FASHION retailer Austin Reed was yesterday braced for half-year losses after poor ranges caused sales of its Country Casuals division to crumble further.

The group, based in Thirsk, North Yorkshire, said tough trading in the retail sector had also contributed to a ten per cent fall in like-for-like sales at the chain, which specialises in fashion for women aged over 40.

The disappointing update came as Austin Reed announced that head of retail David Lowbridge, who joined the group when it acquired Country Casuals in 1998, was leaving. He was going because his role as head of both brands was disappearing from the business, the company said.

The group, which operates 49 Austin Reed stores and 41 concessions, as well as 66 Country Casuals outlets and 140 concessions, said it expected pre-tax losses of £2.5m to £3m for the six months to August 14, compared with profits of £1.1m last time.

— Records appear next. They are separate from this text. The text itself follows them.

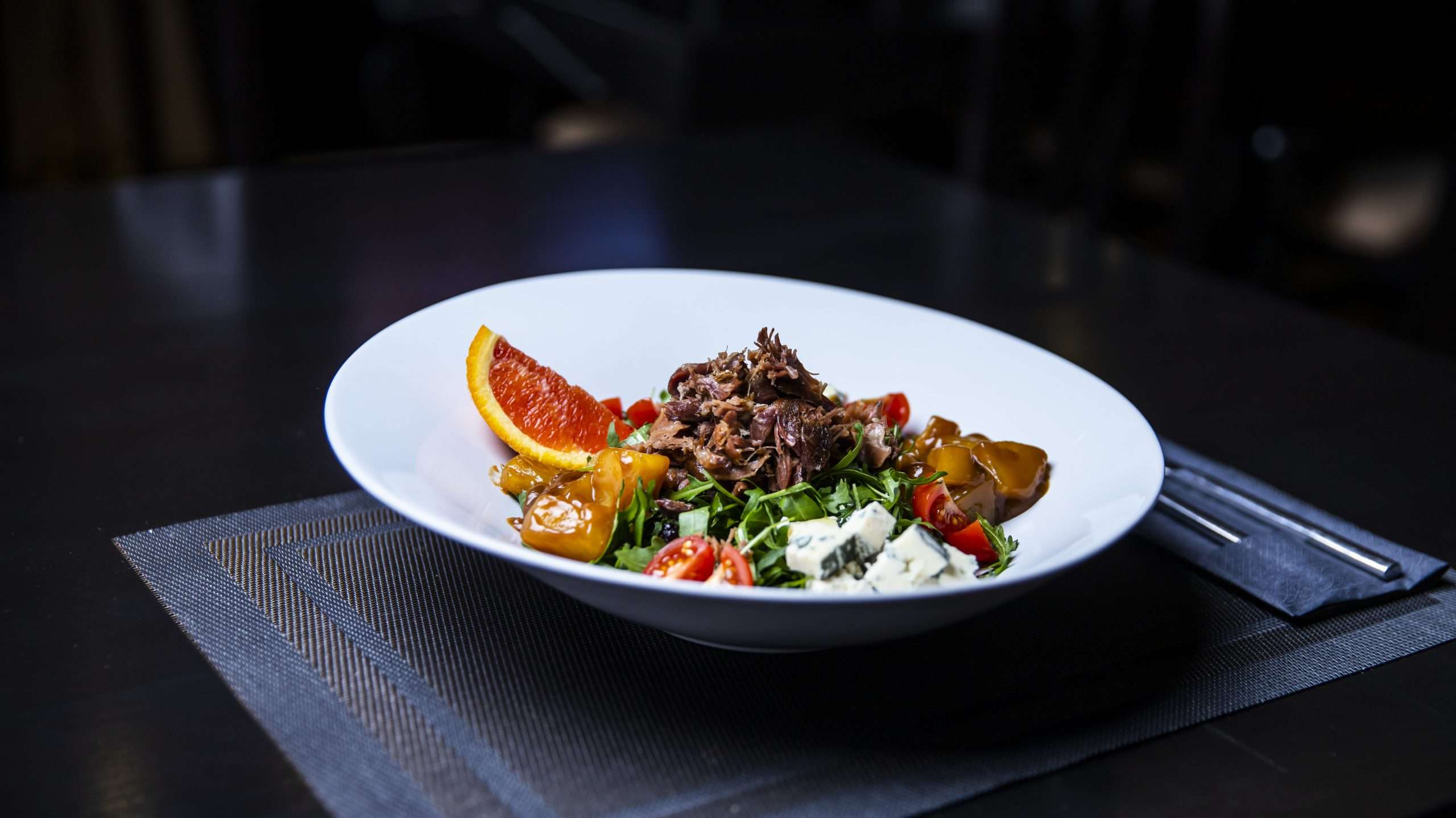 Rucola, rata, gorgonzola, ananas caramelizat, sos de fructe de padure
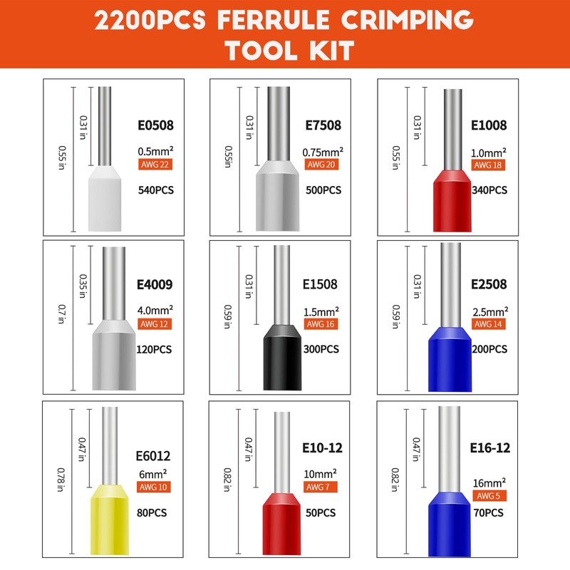 - Versatile Applications - Our ferrule kit includes 2,200 high-quality ferrules, accommodating a wide range of wire connections. Ideal for electrical maintenance, automotive wiring, machinery, solar panel installations, car stereos, and 3D printers!
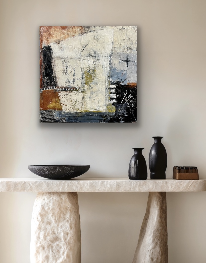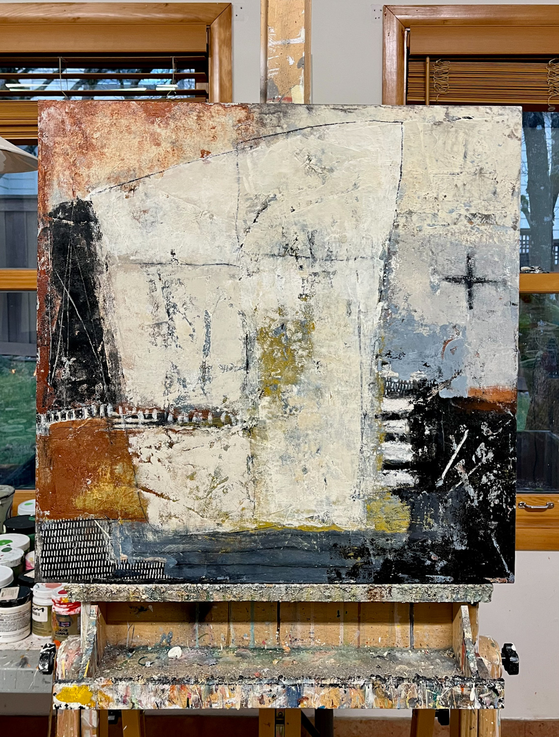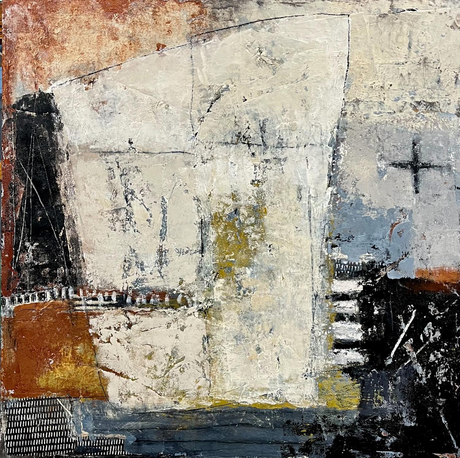 Mixed media acrylic and collage on cradled wood panel 24 x 24 x 1.5 inches.
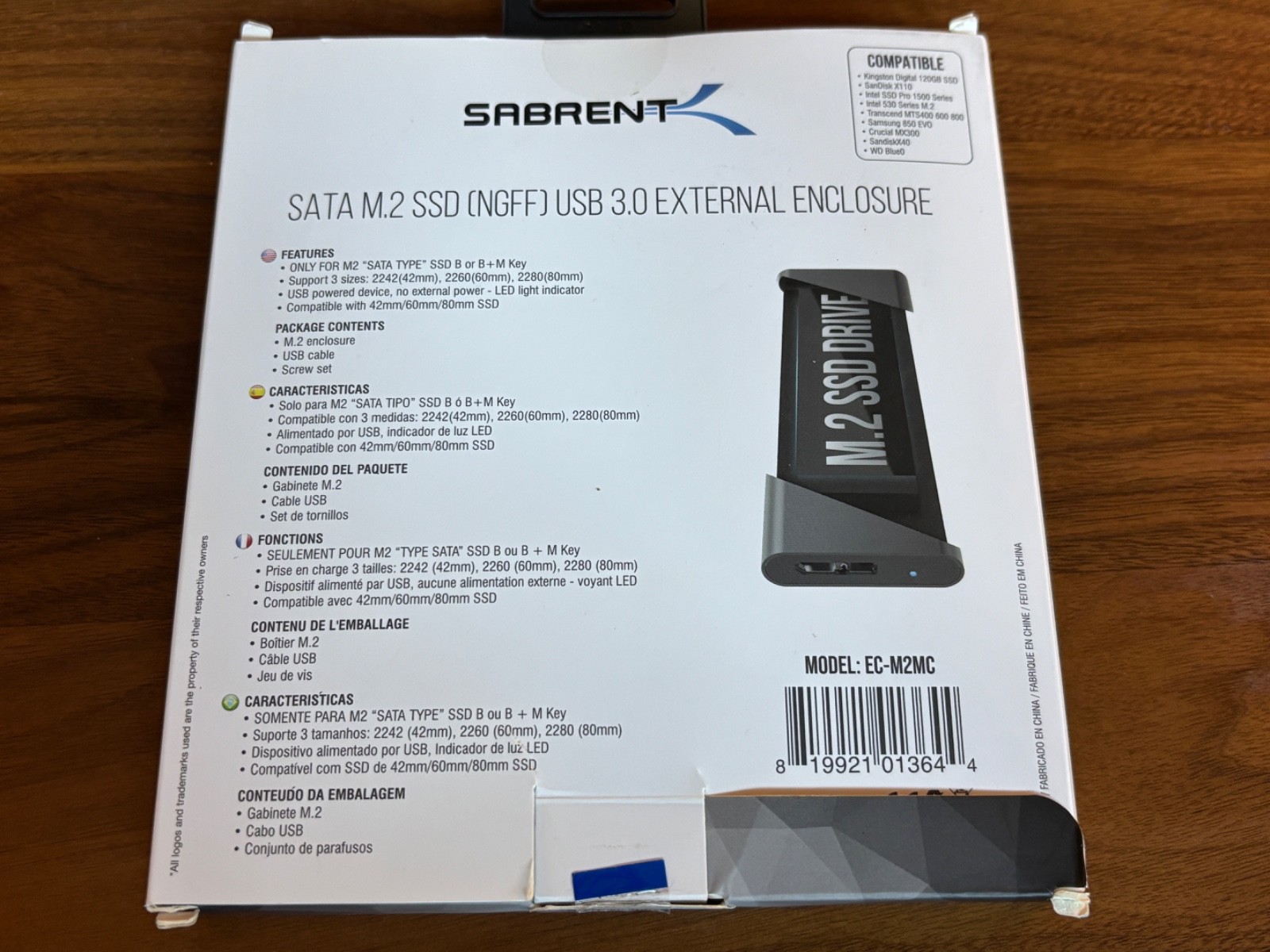 NEW - SABRENT M.2 SATA SSD to USB 3.0 Aluminum Enclosure EC-M2MC
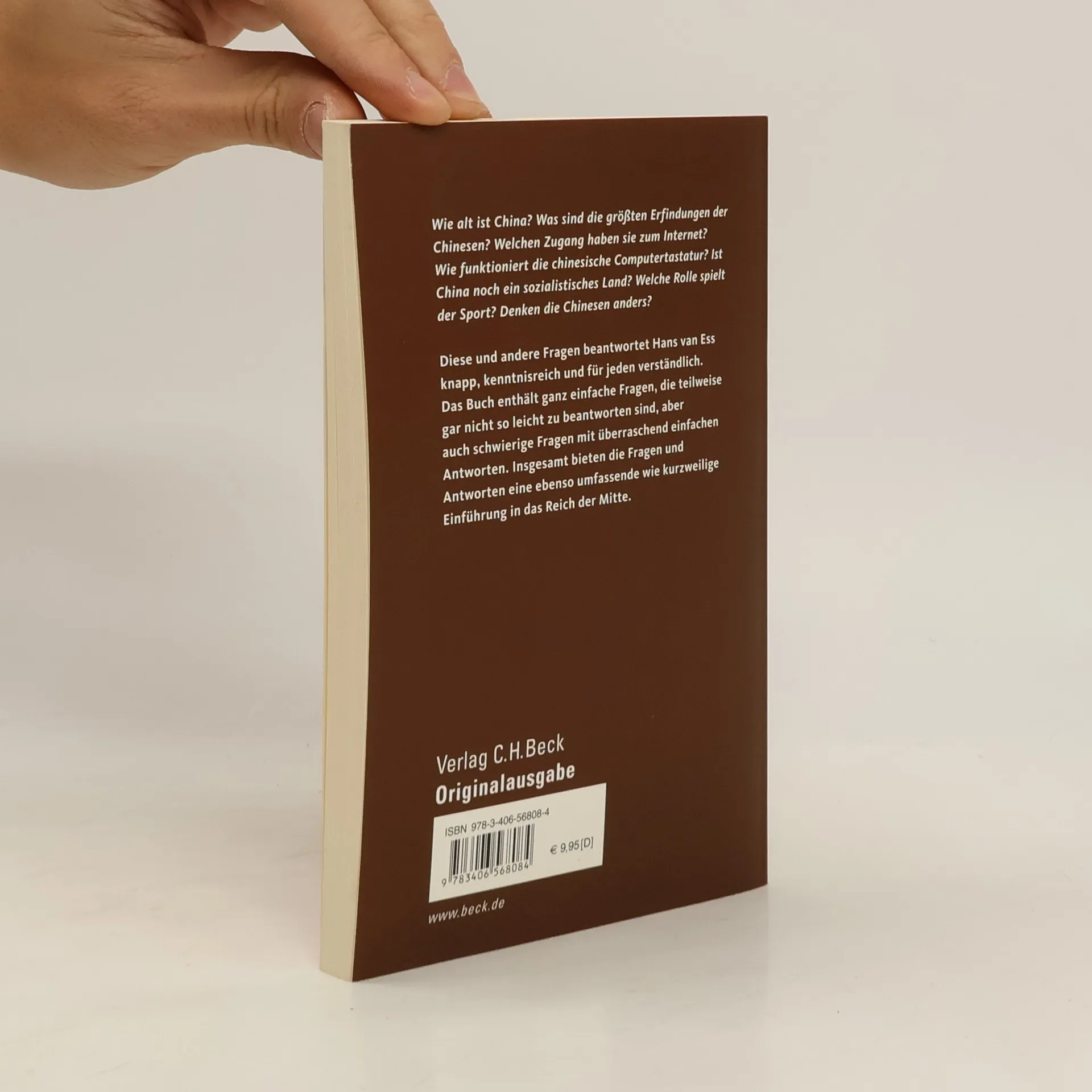 Wie alt ist China? - Ist China noch ein sozialistisches Land? - Welchen Zugang haben Chinesen zum Internet? - Wie funktioniert die chinesische Computertastatur? - Was sind die größten Erfindungen Chinas? - Welche Rolle spielt der Sport? - Denken die Chinesen anders? - Muß man darauf achten, daß Chinesen ihr Gesicht nicht verlieren? - Diese und andere Fragen beantwortet Hans van Ess knapp, kenntnisreich und für jeden verständlich. Insgesamt bieten die Fragen und Antworten eine ebenso umfassende wie kurzweilige Einführung in das Reich der Mitte.
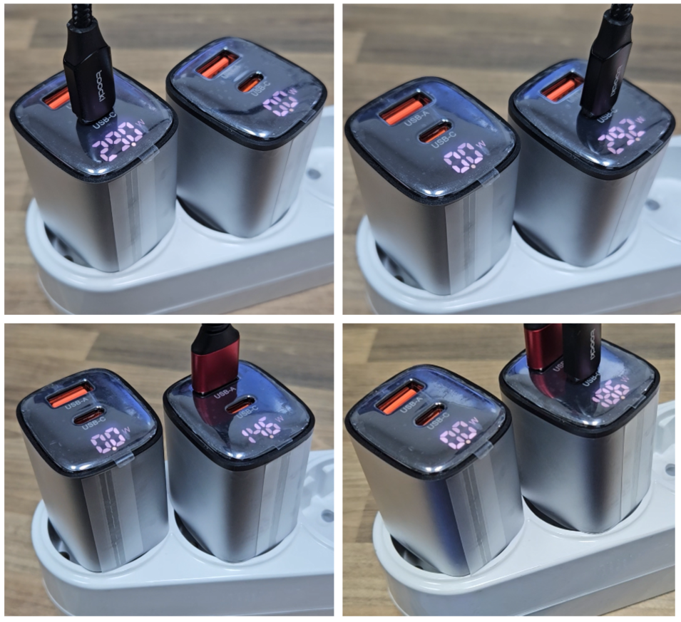두개를 샀으니 모두 테스트를 진행했다. 우선 개별 C 타입이용시 적당히 30W 부근이 출력됨을 알수 있다. 그리고 A타입을 이용하면 15W, 두 포트를 다 쓸 때는 18W정도로 출력이 되었는데, 아쉽게도 두 폰이 모두 충전이 잘되어있는 상태에서 연결된 거라 정확하게 측정되지는 못했다.
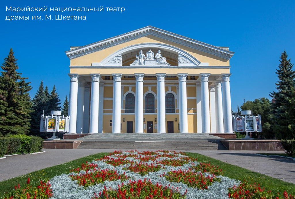 🟢 Марийский национальный театр драмы им. М. Шкетана 🟢 Марийский государственный академический театр оперы и балета им. Эрика Сапаева 🟢 Республиканский театр кукол 🟢 Академический русский театр драмы им. Г.Константинова 🟢 Марийский театр юного зрителя

Chief executive Nick Hollingworth said Country Casuals had been late to pick up on the trend among its core customers to wear clothes previously aimed at younger women.

He said: "Women are wearing jeans and all sorts of more fashionable clothing now than they were when Country Casuals was in its prime."

The group was looking at updating its ranges in order to address this problem and would announce changes later in the year.

In contrast, the main Austin Reed chain - which includes both menswear and womenswear - continued to show signs of recovery with a three per cent increase in same-store sales in the 23 weeks to July 10.

Yesterday's update led brokers to cut their estimates for the full year, with Richard Ratner at Seymour Pierce reducing his estimate for profits of £2.5m to losses of £7.5m. Last year the group made profits of £280,000.

Austin Reed said a business review had identified areas for improvement, including the closure of Country Casuals in Canada. It will also pay suppliers five per cent less in order to cut costs.

These changes are expected to generate benefits of £500,000 in the second half of this financial year, although they will add £3.5m of exceptional costs in the current financial period.